Humor
One time the dog got bit by a snake, so my dad had to shoot it. My dad said to me, "This is what's going to happen to your little brother." "What little brother?" Exactly.
Orphan joke club Discord coming soon.
My friend said I was gay, but then I realised he was talking to the mirror.
What do you call a person in a wheelchair?
Virgin Mobile.
What do you call a chicken staring at a pile of lettuce?
A chicken sees a salad.
(Say it out loud if you don't get it!)
What does a woman’s pussy and a chainsaw have in common?
Miss by a few inches and you’re in deep shit.
I remember the time that Gordon Ramsay did an African food episode... it was a short episode. Too bad he couldn’t find any.
Why can't orphans see all these jokes on this website that we're posting?
'Cause they don't know where the home page is.
Warning: if you don't like gummy bears, DO NOT READ.
Q: What do you call a Mexican gummy bear?
A: Delici-Oso
I bullied a handicap today.
What is he gonna do? Stand up for himself?
Last Christmas, I took a picture of your mom.
It's still printing.
What did the sushi say to the bee?
"Wasuuubi!"
Stephen Hawking isn't actually dead. He is just having an update.
We spend the weekend getting the poop out!

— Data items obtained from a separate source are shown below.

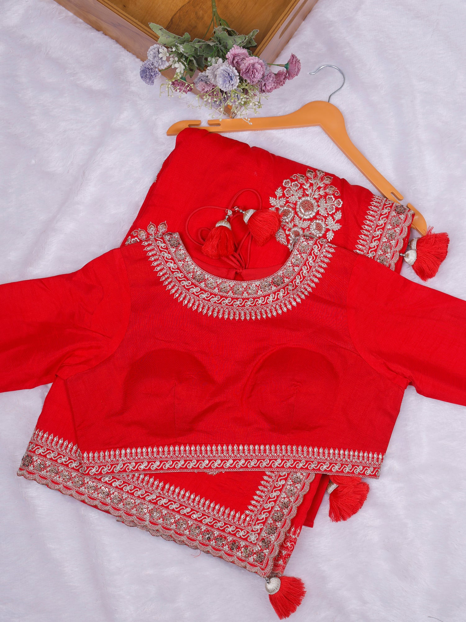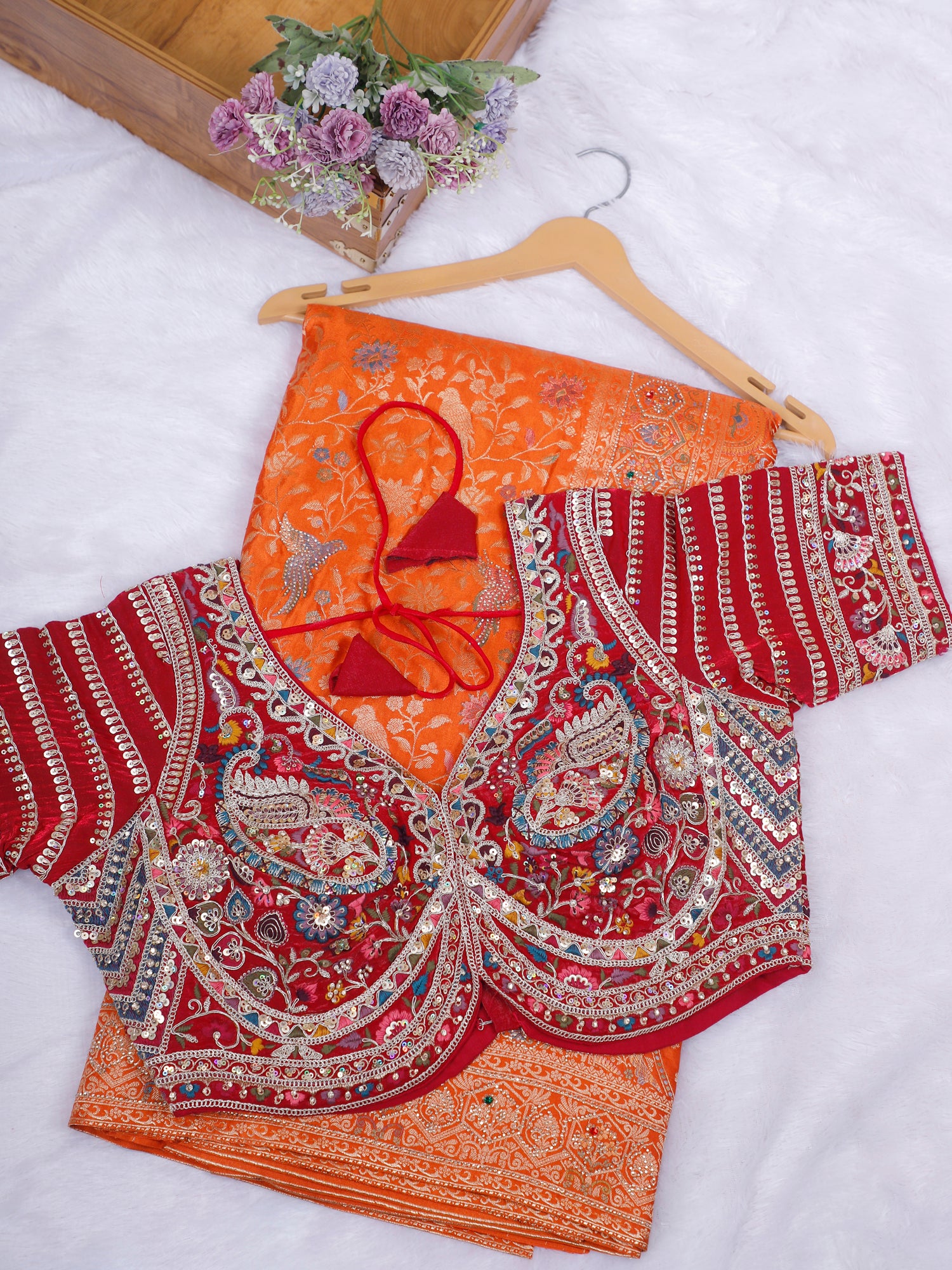 Red-Orange Agni Shimmer Silk-Mousse Saree
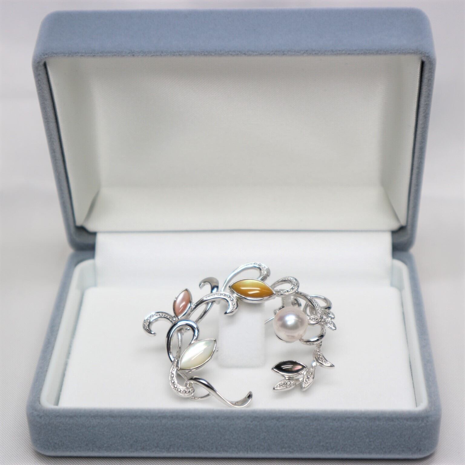8.5mmアップの深みのある干渉色を纏い輝くアコヤ真珠と4色のシェルがアクセントになったデザインブローチ。ペンダントとしての使用も可能です。
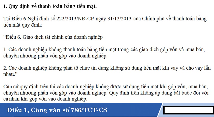Như vậy, căn cứ vào điều 3 của thông tư này, chỉ quy định việc góp vốn kinh doanh từ một doanh nghiệp (pháp nhân) vào một doanh nghiệp khác bắt buộc phải thanh toán không dùng tiền mặt. Và không đề cập đến vấn đề cá nhân góp vốn vào doanh nghiệp bắt buộc không dùng tiền mặt.
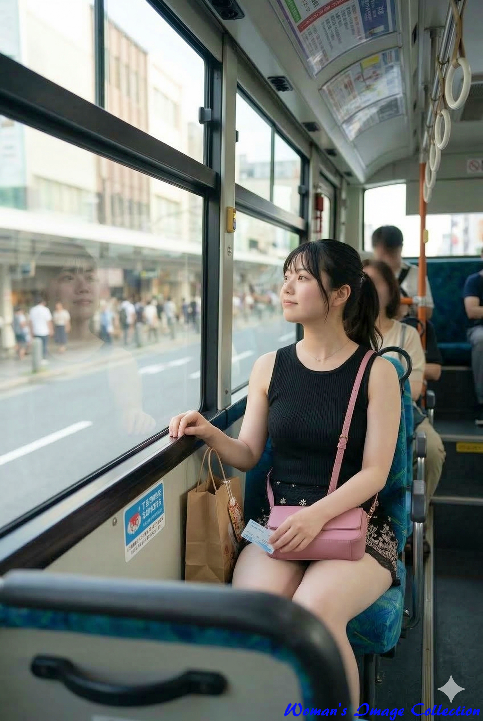 バスの座席に座り、窓の外の景色を静かに眺めている一枚です。窓ガラスには女性の顔が薄く反射しており、移動中の穏やかな時間が表現されています。
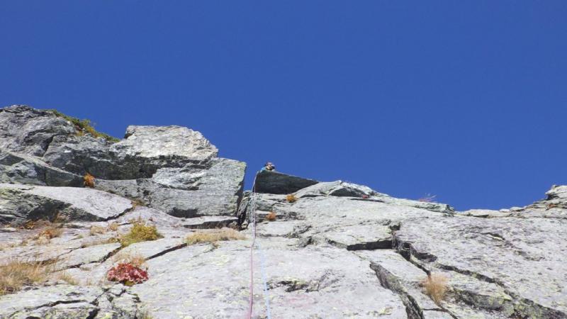 これが下部フランケの最終ピッチだと勘違いして登る。変なとこでピッチを切るハメに。
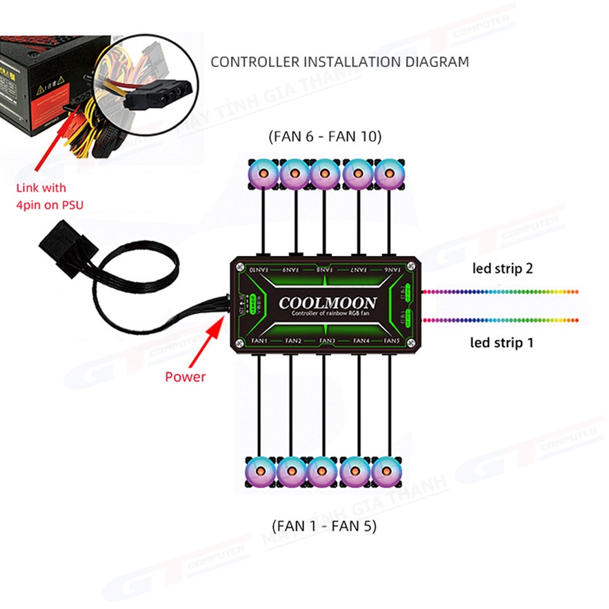 Trường hợp nguồn chỉ có 1 đầu 4pin thì ưu tiên gắn cho Hub trước rồi mới nối tiếp đến Fan Led Auto để tránh gây chập cháy không bảo hành.
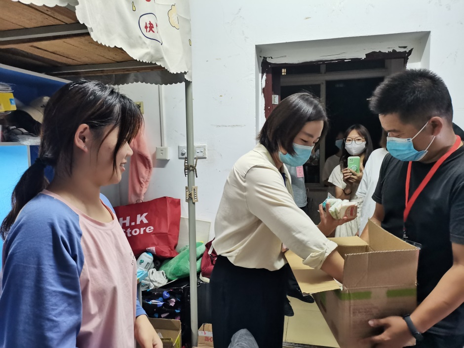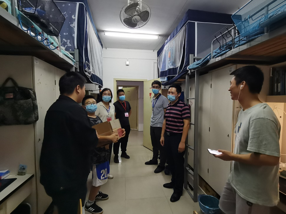中秋节来临之际,院党总支书记万建华、副书记魏佩带领辅导员老师们深入学生宿舍走访慰问在校学生,为他们送上中秋月饼和节日祝福。
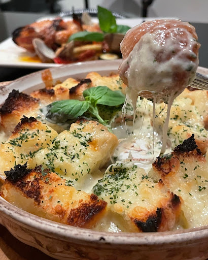 くら寿司名東店北側の建物の地下にお店があります。駐車場は建物北側道沿いに6台程止められます。夜8:30頃に伺いましたがカウンターもテーブル席もほぼ満席でテーブル席が1卓空いていてラッキーでした。周りは30代から50代くらいの客層で楽しくお酒を召し上がられている雰囲気でした。全20席強程だったかと思います。注文してから提供時間は思ったより早めでした。口コミにもあったようにパスタもかなり美味しかったです。 車でいったのでお酒は飲まず食事で入店しましたが4品サラダも含め頼みましたがハズレはなしでした。ピザや小皿料理、パスタ、リゾット、魚介は入荷したらの様でその日は魚は無かったのですが、まぐろとアボカドサラダはまぐろが売り切れでホタテとアボカドにしたのですがホタテが肉厚で食べごたえがあり、とても美味しかったです。イタリア料理のクリーム系は自分好みにはまることが過去にも2件程しかなく、ここの明太子クリームパスタは香りから最高でした。 メニューみてほかも色々試したくなり、また行きたいなと思ったお店です。 お酒を頼まなかったのでソフトドリンク頼まないといけないかなと思いましたが大きめのグラスでお水を出してくれました。 レジには有名人のサインもあり、格闘家のポスターが貼っていたのを見ていたらお店のかたに格闘家も来るよと教えてくださいました。 食事でも良いし、お酒を飲みながらでもいい場所かなと感じました。リゾッ...
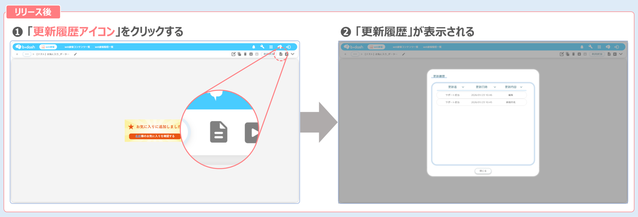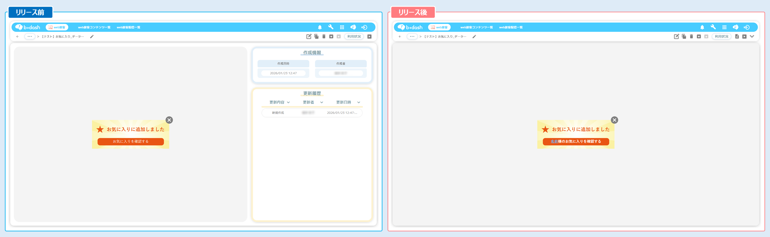 リリース前とリリース後のweb接客コンテンツ詳細画面リリース後の更新履歴確認手順
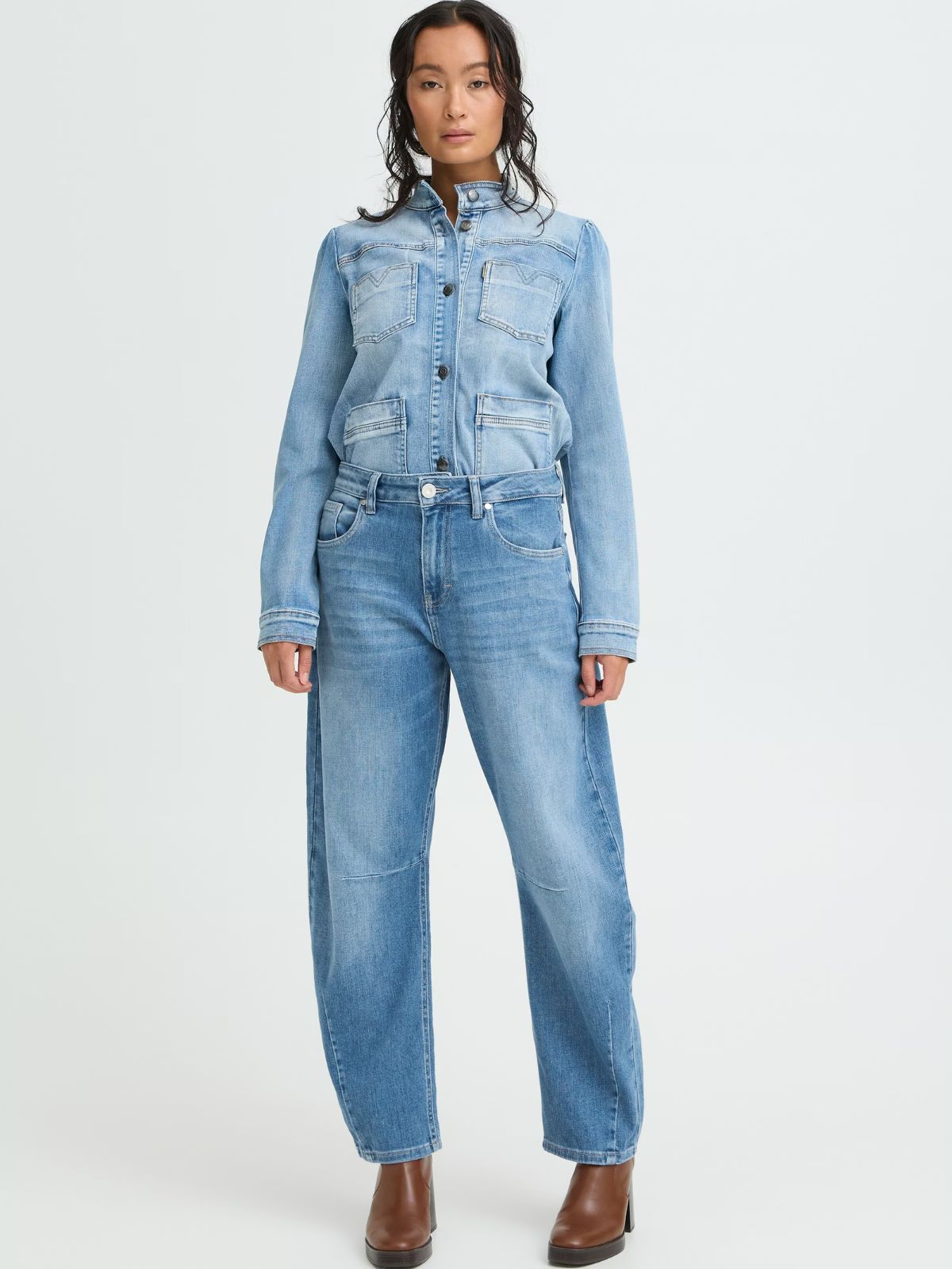 Fashion jeans fra PULZ med lige ben, høj talje og klassisk fem-lomme-design. Jeansèn har synlige knæsømme og en stilren silhuet skaber et moderne denimudtryk.Indvendig Benlængde: ca.78 - 80 cm

Guy feels something on his back.
“Oh God, please let that be a rifle.”
“Nope. I’m just real happy to see you.”
What do you call an overweight psychic?
A four chin teller.
How did the skeleton know it was gonna rain?
If you said he felt it in his bones, you're wrong. He watched the weather forecast.
"Knock, knock."
"Who's there?"
"Bone."
"Bone who?"
"It's nice to meet cha'. Can we be friends? I'm bone-ly here."
There are two cows in a field. One says to the other, "I'm cold. Are you cold?"
The other cow says, "Yeah, I'm Fresian."
If sex before marriage is a sin, is sex after marriage cos or tan?